Under this line sits a listing. Repeat exactly and only its lines from the one holding "陸渡御の一行は、天神橋に到着" through the one holding "为深入贯彻落实总体国家安全观"; skip pictures.

- **RECORDED DATA**:
---------------

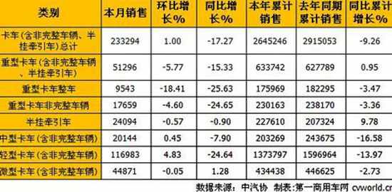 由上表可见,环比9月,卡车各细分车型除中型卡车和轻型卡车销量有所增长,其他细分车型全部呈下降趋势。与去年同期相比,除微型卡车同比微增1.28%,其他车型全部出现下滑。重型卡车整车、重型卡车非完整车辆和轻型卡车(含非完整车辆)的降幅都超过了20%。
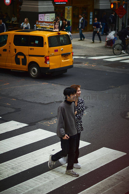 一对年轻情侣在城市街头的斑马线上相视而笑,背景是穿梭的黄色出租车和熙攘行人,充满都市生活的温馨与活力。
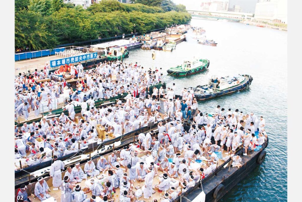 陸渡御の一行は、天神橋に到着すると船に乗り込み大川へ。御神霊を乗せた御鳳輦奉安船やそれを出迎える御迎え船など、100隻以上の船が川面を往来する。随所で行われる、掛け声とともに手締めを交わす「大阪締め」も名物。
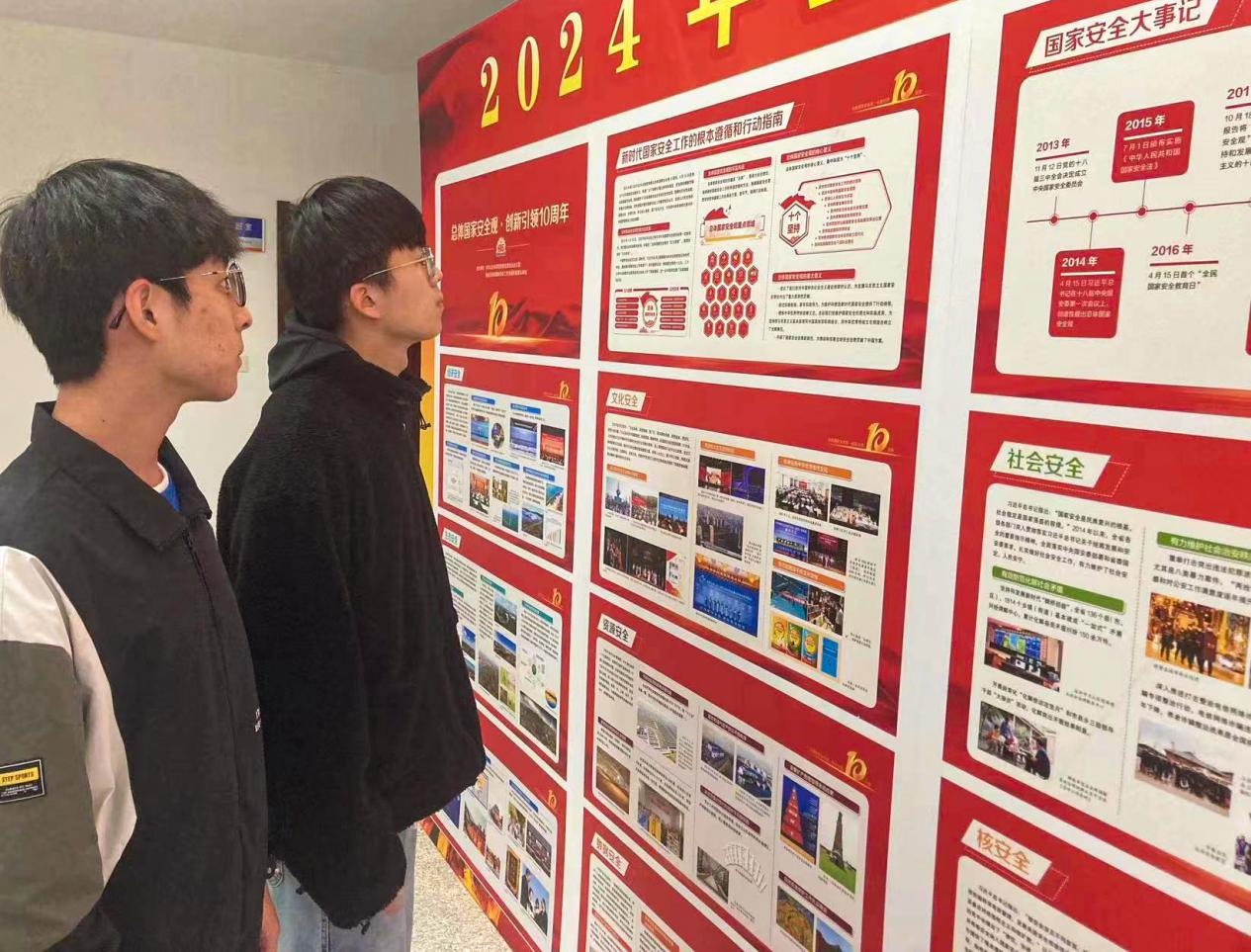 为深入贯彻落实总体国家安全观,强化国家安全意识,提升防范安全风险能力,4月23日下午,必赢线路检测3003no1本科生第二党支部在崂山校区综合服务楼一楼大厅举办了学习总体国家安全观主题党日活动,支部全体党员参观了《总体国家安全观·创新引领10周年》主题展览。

---------------

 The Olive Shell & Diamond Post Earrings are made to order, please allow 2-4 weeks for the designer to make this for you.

---------------

- **RESPONSE**:
 陸渡御の一行は、天神橋に到着すると船に乗り込み大川へ。御神霊を乗せた御鳳輦奉安船やそれを出迎える御迎え船など、100隻以上の船が川面を往来する。随所で行われる、掛け声とともに手締めを交わす「大阪締め」も名物。
 为深入贯彻落实总体国家安全观,强化国家安全意识,提升防范安全风险能力,4月23日下午,必赢线路检测3003no1本科生第二党支部在崂山校区综合服务楼一楼大厅举办了学习总体国家安全观主题党日活动,支部全体党员参观了《总体国家安全观·创新引领10周年》主题展览。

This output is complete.